You'll notice we've added an event listener to the mediaDevices API, called devicechange
.
This is a useful event that is triggered whenever the list of media devices on the underlying hardware changes.
That allows us to keep track of changes in the underlying device list and update our own state on the UI without the need for user input.
You'll also notice we added a few event dispatchers - changeDevices
and changeDenied
. What are these for?
Well, this is React so we need a way for the UI to react! These event dispatchers are going to be useful when implementing hooks.
Hook, Line and Syncerโ
It's tempting when dealing with async data fetching of this sort to reach for the well-known useEffect
hook.
I certainly did, until one of my colleagues clued me into a better option.
You see, useEffect
can be an error-prone choice in this case.
In order for it to trigger, you need one of its dependencies to change and in practice, this often means that it is usually retriggered by user actions.

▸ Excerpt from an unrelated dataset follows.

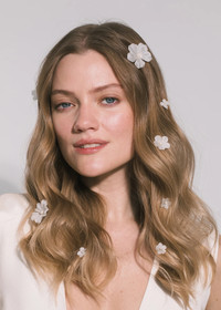 With their unique magnet closure, the Anemone Hair Magnets make it possible to achieve the look of flowers floating in the hair, even scattered up and down loose locks in a seemingly impossible arrangement. This set of 8 is made by hand in New York, with silk satin-faced organza flowers set in the center with Austrian crystals, or crystal pearls. We love these flowers layered with the Kira Hair Magnet Set or the Paige Hair Magnet Set. Dimensions: Small Flower - 5/8in Medium Flower - 1in Large Flower - 1 1/2in Material The Anemone Hair Magnet Set are a set of 8 hair magnets with 3 different sizes, handmade in New York of silk satin faced organza flowers and Austrian crystals or crystal pearls on durable silver toned magnetic hair clips They are designed to stay firmly in place, once other pins have the hairstyle securely fastened. We recommend treating each magnet as you would a piece of jewelry, and storing in the dust bag when not in use. Ensure to keep each magnet jewel set separate to avoid all magnets sticking together. Avoid contact with water, perfume, and other chemicals, including hairspray, which should be used before placement in the hair.

The situation that we're actually faced with is a need to sync to an external but local store of information that is only loosely coupled to user activity.
Step forward, useSyncExternalStore
.
The useSyncExternalStore hook is the React team's recommended way to handle exactly this kind of scenario.
But, amazingly, it's not very widely known even amongst the React dev community. That includes yours truly.
useSyncExternalStore works by accepting two required arguments. The first subscribes to a store and returns a callback that unsubscribes. The second fetches a snapshot of the underlying store's state whenever it changes.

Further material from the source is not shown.